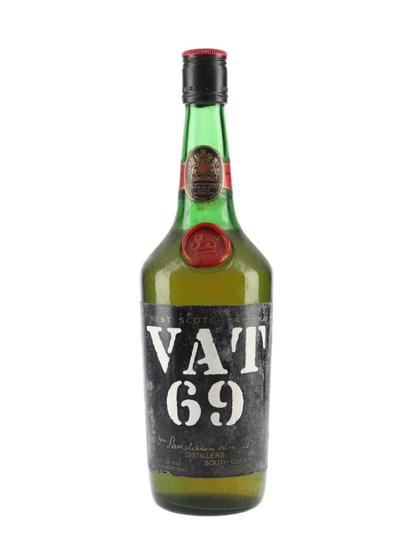 A bottle of Vat 69 Finest Scotch Whisky produced by Sanderson & Son Ltd. We estimate this was bottled in the 1970s.
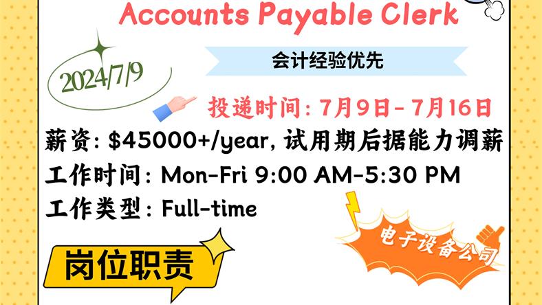 【168新岗】士嘉堡电子设备公司招聘Accounts payable clerk 1名
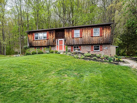 Welcome to this incredible piece of nature offering privacy, seclusion and serenity! The main level of living offers a family room with a beautiful view of the property from the large window. The eat-in kitchen is brightly updated with stainless steel appliances, granite countertop, a pantry, and double sink. The sliding glass door leads you to a 30’x16’ oversized deck for entertaining or just taking a moment relaxing with a cup of coffee and taking in the spectacular view. The primary bedroom has an ensuite bath with a stall shower and a beautiful barn door. There are also 2 nice-sized bedrooms with hardwood floors and a full hall bath. The lower level has a family room with Quadra-Fire wood burning fireplace insert, and custom built in cabinetry. great for entertaining. The fourth bedroom, full bath, laundry room and mudroom with side entry door completes the lower level. There is also a water softener and AO Smith Volex high efficiency hot water heat pump. New roof 2023! An oversized 3 car garage and a 20’x40’ barn. The lower level of the barn has running water, coal/wood stove, floor drains, custom walk-in cooler, finished hobby room. Tons of storage space, for 4 wheelers, mowers, and bikes. The second level of the barn has been totally renovated- game room, office space, gym the possibilities are endless. This area is heated and cooled by a mini split and has an exhaust fan. With almost all 3 acres of a usable yard, there is a 250’ commercial zip line, large tree fort, firepit, several paths and play areas in the woods. This property also has a pistol and rifle range to 100 yards with custom shooting bench. The property is secluded with woods, pasture, a small stream and wildlife. This property was once a horse farm and could accommodate horses. The seller includes a 1 -year Home Warranty. If you are looking for your little piece of serenity, you don’t want to miss this one!!! THIS ONE WILL NOT LAST!

++++++++++++++++++++

* [WHAT TO PRODUCE] What you should repeat exactly is the run of lines from the top of the listing above through the line with "payable clerk 1名", without pictures.

* [ANSWER TO THIS PROBLEM]
 A bottle of Vat 69 Finest Scotch Whisky produced by Sanderson & Son Ltd. We estimate this was bottled in the 1970s.
 【168新岗】士嘉堡电子设备公司招聘Accounts payable clerk 1名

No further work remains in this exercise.